An approach is to create a dictionary where each key is a movie title and then each value is a dictionary where the keys are 'director' that has a string value, 'locations' whose value is a list of tuples that look like: (district, start date, end date). The first thing that comes to mind is to naively use a for loop that loops through locs and and fills the previously declared dictionary and check at the start of every iteration if the movie is already in the dictionary, if yes then we'll just have to append the new location and the start and end date as a tuple in the locations list. else we just create a new movie key and fill it. 



In [66]:
movies = dict()

for entry in locs:
    movie_title = entry['fields']['nom_tournage']
    if movie_title not in movies:
        if 'nom_realisateur' in entry['fields']:
            movies[movie_title] = {'title': movie_title,
            'director': entry['fields']['nom_realisateur'],
            'locations': []
        }
        else:
            movies[movie_title] = {'title': movie_title,
                    'director': 'Inconnu',
                    'locations': []
        }
    if 'ardt_lieu' in entry['fields']:
        movies[movie_title]['locations'].append((entry['fields']['ardt_lieu'], 
                                                entry['fields'].get('date_debut', 'Date inconnue'),
                                                entry['fields'].get('date_fin', 'Date inconnue')
        ))
    #movies[movie_title]['locations'].append(( entry['fields']['ardt_lieu'], entry['fields']['date_debut'], entry['fields']['date_fin']))
  
movies = [m for m in movies.values()]

As predicted many key errors occured due to missing data, and i handled them with simple if statements and the .get() method. 

In [67]:
movies

[{'title': '2 Fils (Nouvelle Demande Décor Librairie / Journées interverties)',
  'director': 'Félix MOATI',
  'locations': [('75011', '2017-10-19', '2017-10-19'),
   ('75011', '2017-10-19', '2017-10-19')]},
 {'title': 'Vernon Subutex',
  'director': 'Cathy Verney',
  'locations': [('75001', '2018-04-25', '2018-04-26'),
   ('75019', '2018-05-22', '2018-05-22'),
   ('75019', '2018-05-25', '2018-05-25'),
   ('75010', '2018-05-03', '2018-05-06'),
   ('75011', '2018-03-19', '2018-03-19'),
   ('75011', '2018-06-01', '2018-06-02'),
   ('75014', '2018-06-05', '2018-06-14'),
   ('75014', '2018-06-13', '2018-06-13'),
   ('75019', '2018-05-22', '2018-05-22'),
   ('75009', '2018-04-11', '2018-04-11'),
   ('75007', '2018-06-13', '2018-06-15'),
   ('75012', '2018-03-23', '2018-03-23'),
   ('75011', '2018-04-04', '2018-04-04'),
   ('75016', '2018-03-30', '2018-03-30'),
   ('75004', '2018-03-20', '2018-03-20'),
   ('75004', '2018-04-26', '2018-04-27'),
   ('75012', '2018-08-28', '2018-08-30'),
   ('7

In [68]:
len(movies)

1476

I asked chat gpt to tell me what to do to display the locations cause as easy as it looks (and actually is) i couldn't figure out how to loop inside the join, i didn't even know it was possible. 

In [69]:
def display_movie(movie):
    return f'"{movie["title"]}", by {movie["director"]}. Shootings: {"; ".join(f"{location[0]} from {location[1]} to {location[2]}" for location in movie["locations"])}'

In [70]:
all_movie_displays = [display_movie(m) for m in movies]
print('\n'.join(all_movie_displays[:20]))

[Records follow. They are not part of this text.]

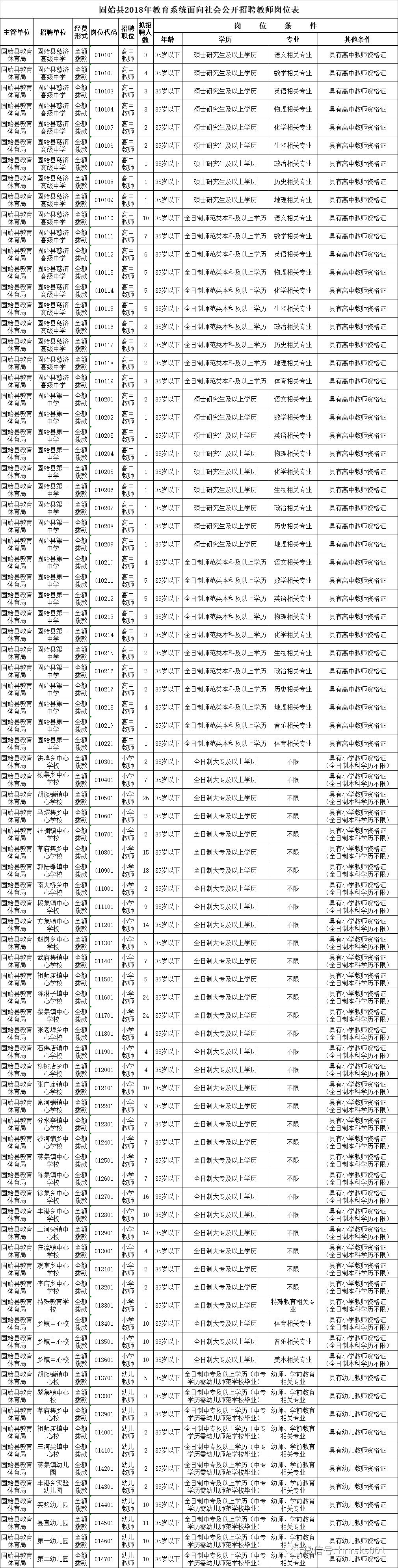4.高中教师要求第一学历为普通全日制师范类本科及以上学历,同时具有高中教师资格证;小学教师要求普通全日制大专以上学历,同时具有小学及以上教师资格证,普通全日制本科以上学历人员不限教师资格证(未取得教师资格证的本科生在试用期一年内需取得相应学科教师资格证);幼儿教师要求具有普通全日制中专以上学历(中专学历需幼儿师范学校毕业),同时具有幼儿教育教师资格证;
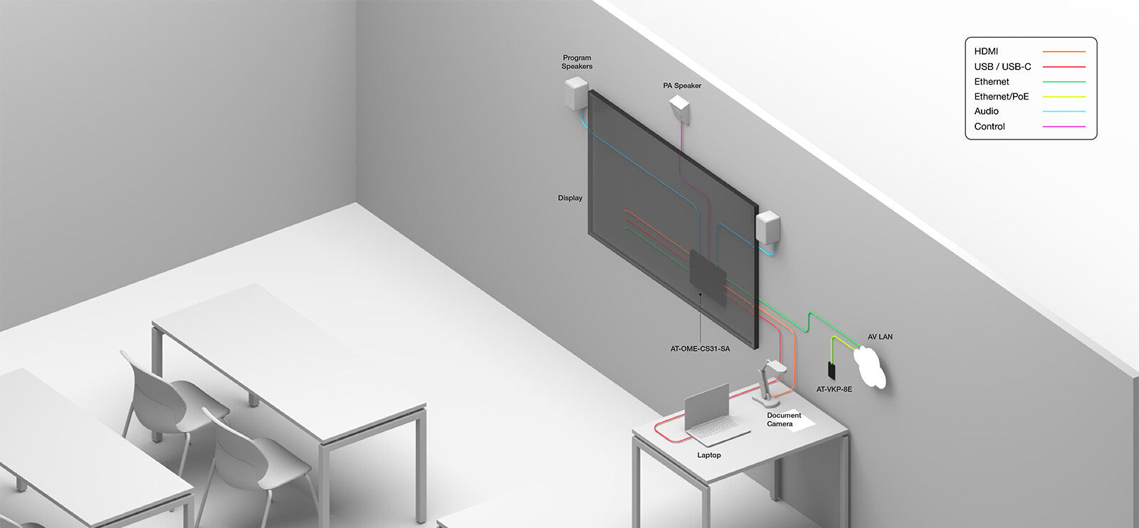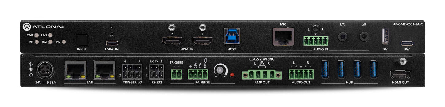 The AT-OME-CS31-SA-C is an AV presentation and collaboration system featuring a 3×1 switcher with USB-C and HDMI inputs, 50 watt mixer amplifier, and USB routing.
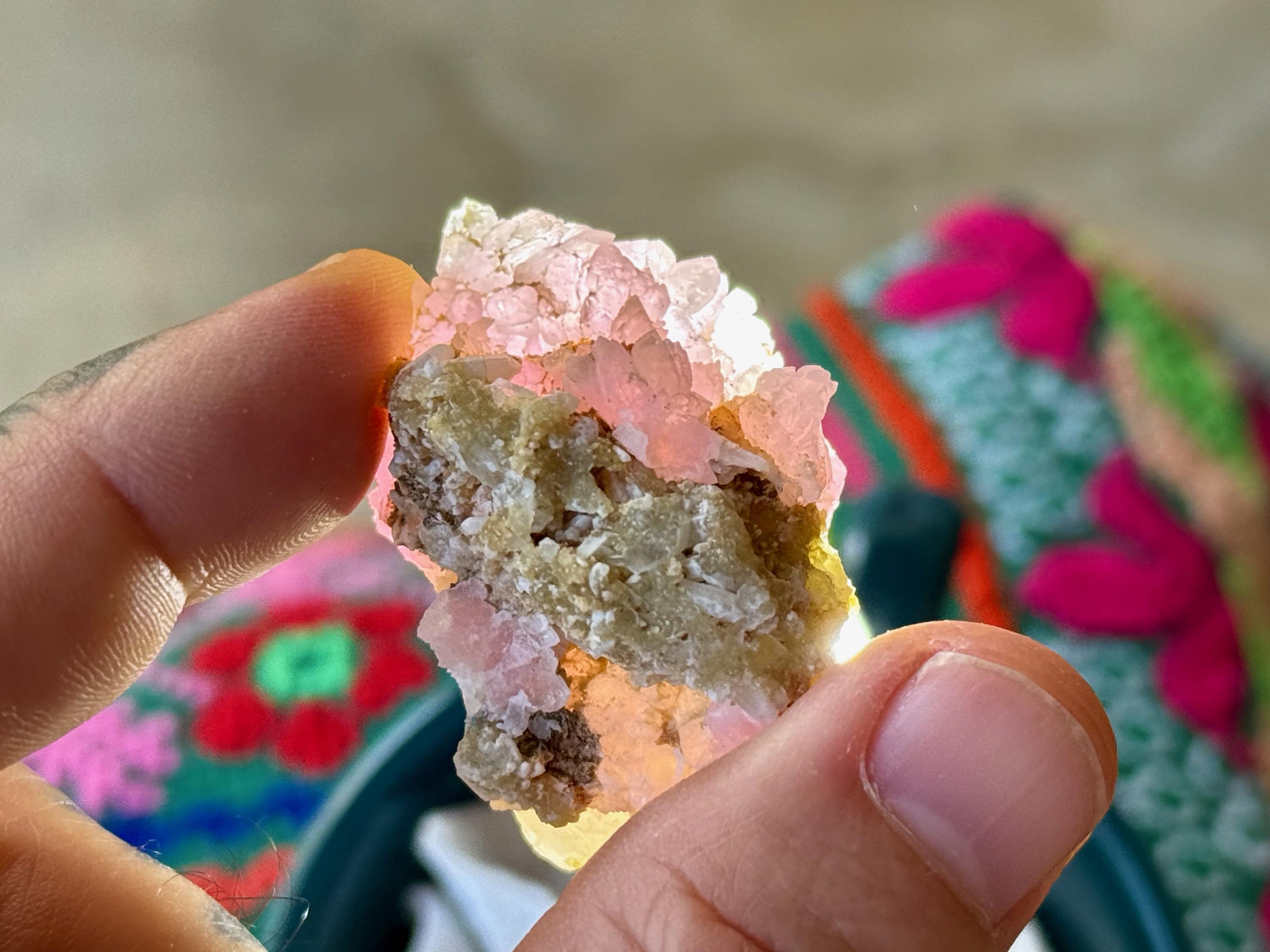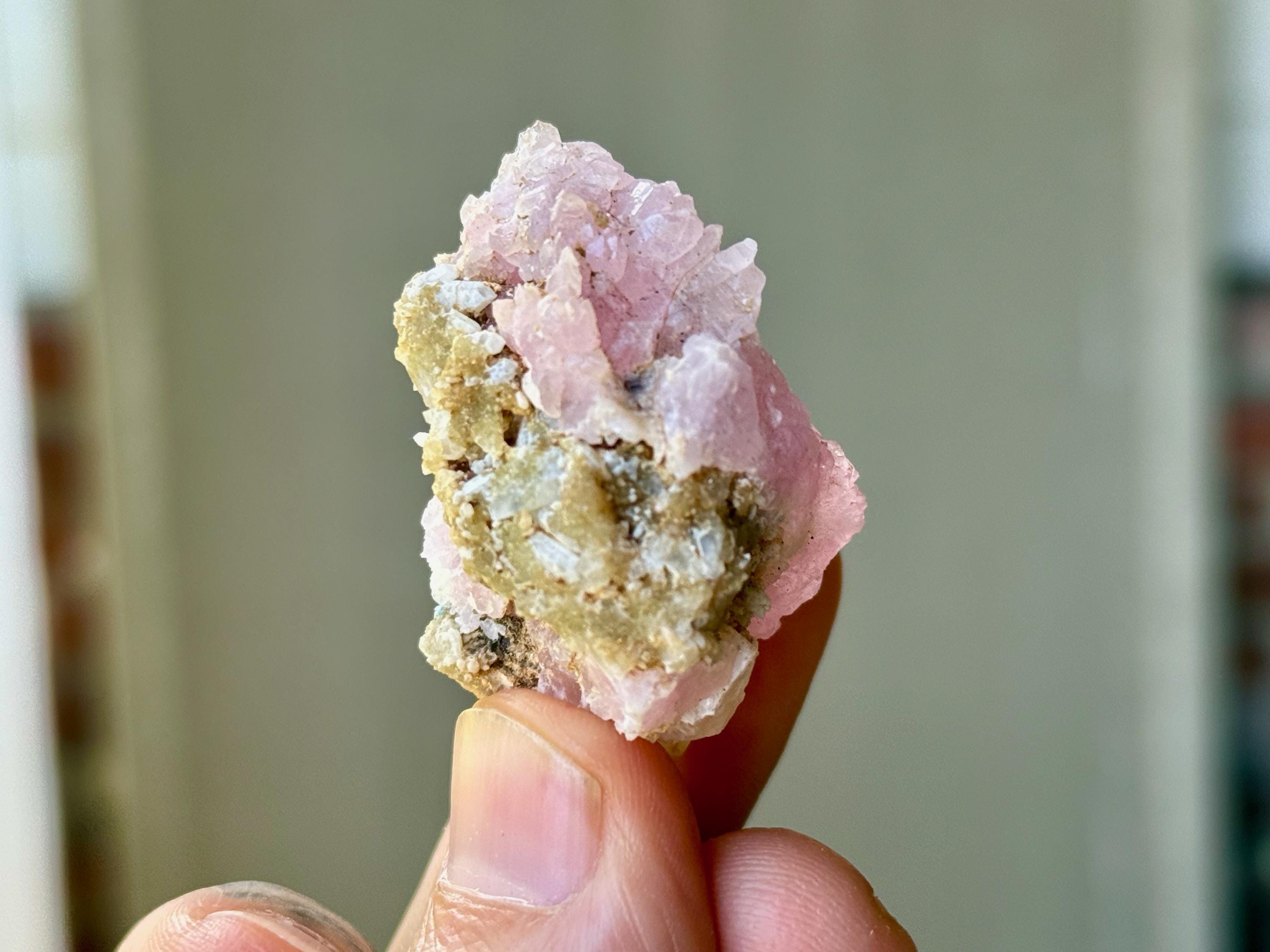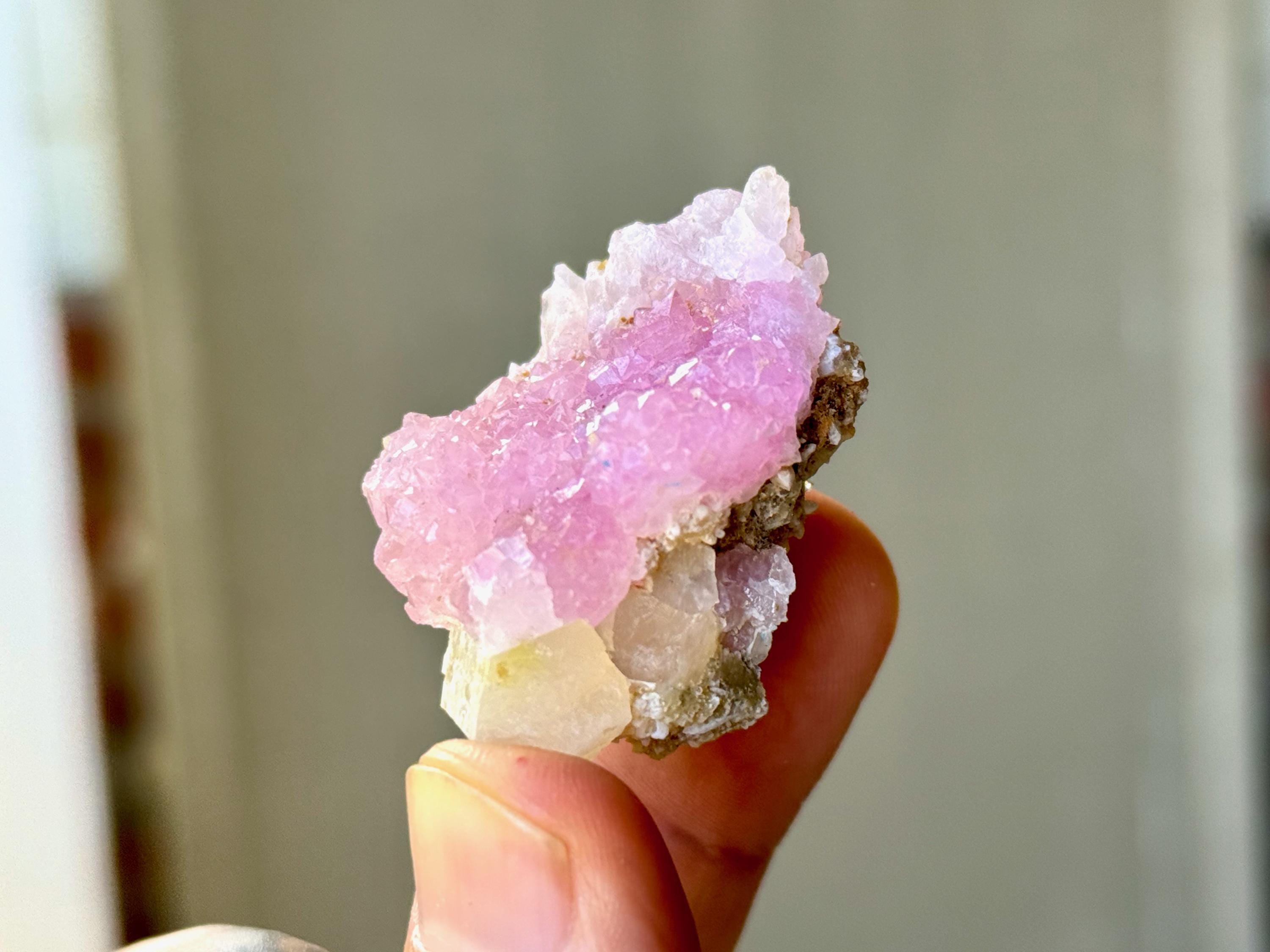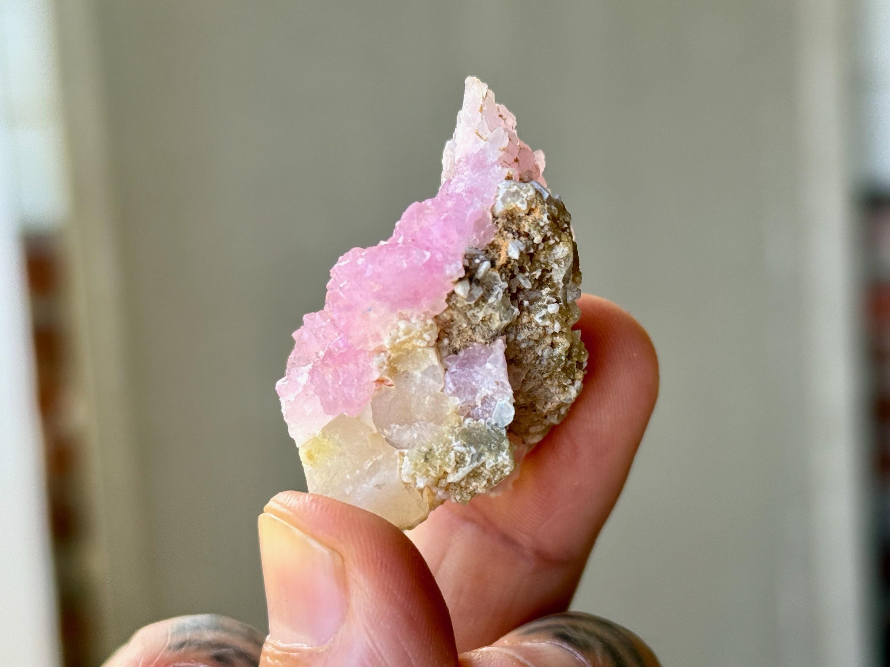 Exquisite luster and a juicy, vibrant pink color to this stunning Canga Rose Quartz in a sublime crystallized formation. This piece is mostly Canga Rosa with a matrix of Quartz at the base and Golden Mica on the backside.

"2 Fils (Nouvelle Demande Décor Librairie / Journées interverties)", by Félix MOATI. Shootings: 75011 from 2017-10-19 to 2017-10-19; 75011 from 2017-10-19 to 2017-10-19
"Vernon Subutex", by Cathy Verney. Shootings: 75001 from 2018-04-25 to 2018-04-26; 75019 from 2018-05-22 to 2018-05-22; 75019 from 2018-05-25 to 2018-05-25; 75010 from 2018-05-03 to 2018-05-06; 75011 from 2018-03-19 to 2018-03-19; 75011 from 2018-06-01 to 2018-06-02; 75014 from 2018-06-05 to 2018-06-14; 75014 from 2018-06-13 to 2018-06-13; 75019 from 2018-05-22 to 2018-05-22; 75009 from 2018-04-11 to 2018-04-11; 75007 from 2018-06-13 to 2018-06-15; 75012 from 2018-03-23 to 2018-03-23; 75011 from 2018-04-04 to 2018-04-04; 75016 from 2018-03-30 to 2018-03-30; 75004 from 2018-03-20 to 2018-03-20; 75004 from 2018-04-26 to 2018-04-27; 75012 from 2018-08-28 to 2018-08-30; 75011 from 2018-03-19 to 2018-03-19; 75002 from 2018-03-20 to 2018-03-20; 75009 from 2018-04-09 to 2018-04-10; 75010 from 2018-08-28 to 2018-08-30; 75012 fr

- Display for each district its number of shootings. 

The only way i can think about is just to get all the districts present on the locs file, even if there are duplicates but that's not a problem since we can use the set() function to get distinct districts. we will create a dictionary and make the districts set values as the dictionary keys and initialise all values to 0, just like we do with simple variables when we want to make a counter to use inside a loop. 
Then we loop through the locs elements and for every element, if the 'ardt_lieu' key exists then add +1 to the value of the key in the stats dictionarry corresponding to it's value in the locs element and that way we get our frequencies dictionary. 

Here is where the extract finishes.